The following sections of this chapter describe the current uses of Big Data to develop conversational interfaces including speech recognition, natural language understanding, dialog management and optimization, context-awareness, emotion recognition, user adaptation and service personalization, multi-domain and multilingual services, proactiveness, and spoken language generation and synthesis.

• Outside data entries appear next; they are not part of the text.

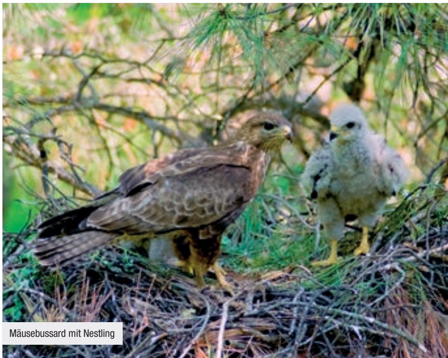
Mäusebussard mit Nestling

Die Eiablage erfolgt dann von Ende März bis Mitte April, wobei zwei bis vier, gelegentlich sogar fünf Eier in einem Abstand von zwei bis drei Tagen gelegt werden. Die Menge der gelegten Eier hängt vor allem von der zur Verfügung stehenden Futtermenge ab. Das Weib brütet weitgehend alleine und wird nur gelegentlich vom Terzel abgelöst. Auch beim Mäusebussard wird die Brutzeit zur Mauser genutzt.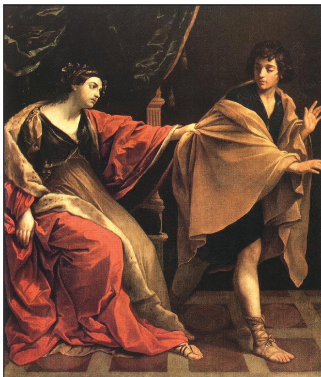
”יוסף ואשת פוטיפר”, גוויידו רני, איטליה, 1631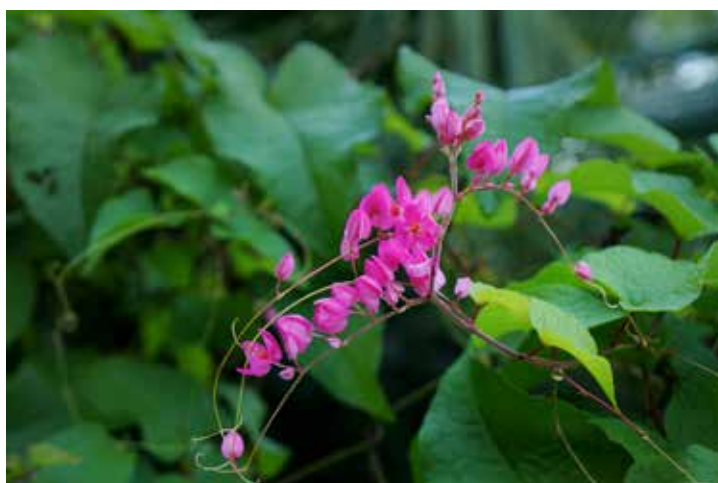
Amor-agarradinho (Antigonon leptopus)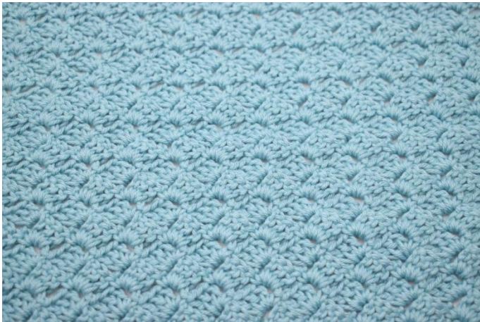
33. Gentag fremgangsmåden som række 3 til du har i alt 37 rækker.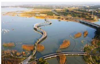
长三角示范展区-元荡展区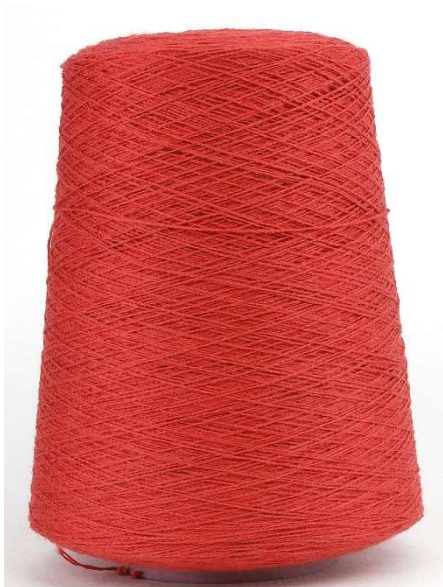
Farbe Carotta Farbnummer. B1W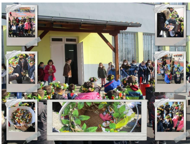
Χελιδονίσματα από τους μαθητές και μαθήτριες της Α΄ Δημοτικού.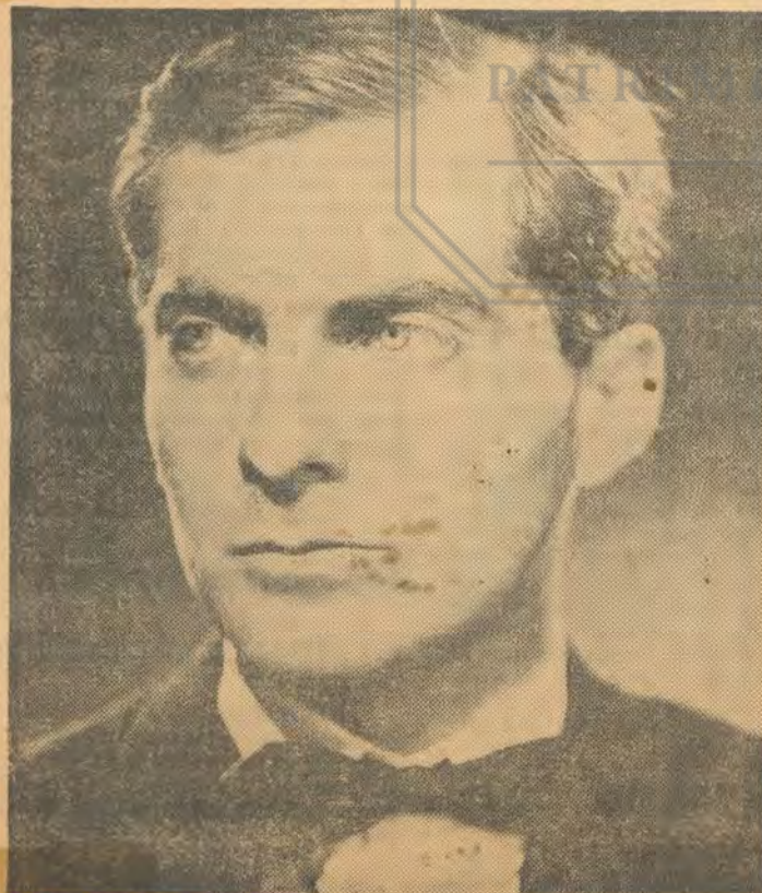
JUAN PABLO IZQUIERDO

Lombard, de 25 años, estudió con Ferenc Ericsay y actuó durante tres años con la Opera de Lyon. El año último dirigió la Orquesta de la Opera Comique de París y se ha presentado en Estados Unidos en varias oportunidades.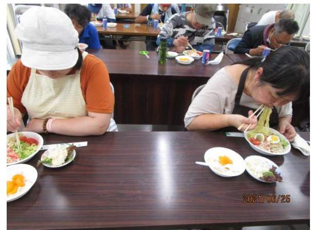
ソーシャルディスタンスを保って食べています

2 Spoken Language Recognition

As described in the introduction section, speech recognition is the process of obtaining the text string corresponding to an acoustic input [45, 55, 78]. It is a highly complex task, as there is a great deal of variation in input characteristics, which can differ according to the linguistics of the utterance, the speaker, the interaction context and the transmission channel. Different aspects that are usually taken into account when classifying ASR systems are the kind of users supported (user-independent or user-dependent systems), style of speech supported (recognizers isolated words, connected words or continuous speech), or vocabulary size (small, medium, or large vocabulary).

The complexity of the recognition task lies in several problems: the acoustic variability (each person pronounces sounds differently when speaking), acoustic confusion (many words sound similar), the coarticulation problem (the characteristics of spoken sounds may vary depending on neighboring sounds), out of vocabulary words and spontaneous speech (interjections, pauses, doubts, false starts, repetitions of words, self-corrections, etc.), and environmental conditions (noise, channel distortion, bandwidth limitations, etc.). For these reasons, it is very important to try to detect and correct errors generated during the ASR process, since the output of the ASR is the starting point of the other modules in a spoken dialog system.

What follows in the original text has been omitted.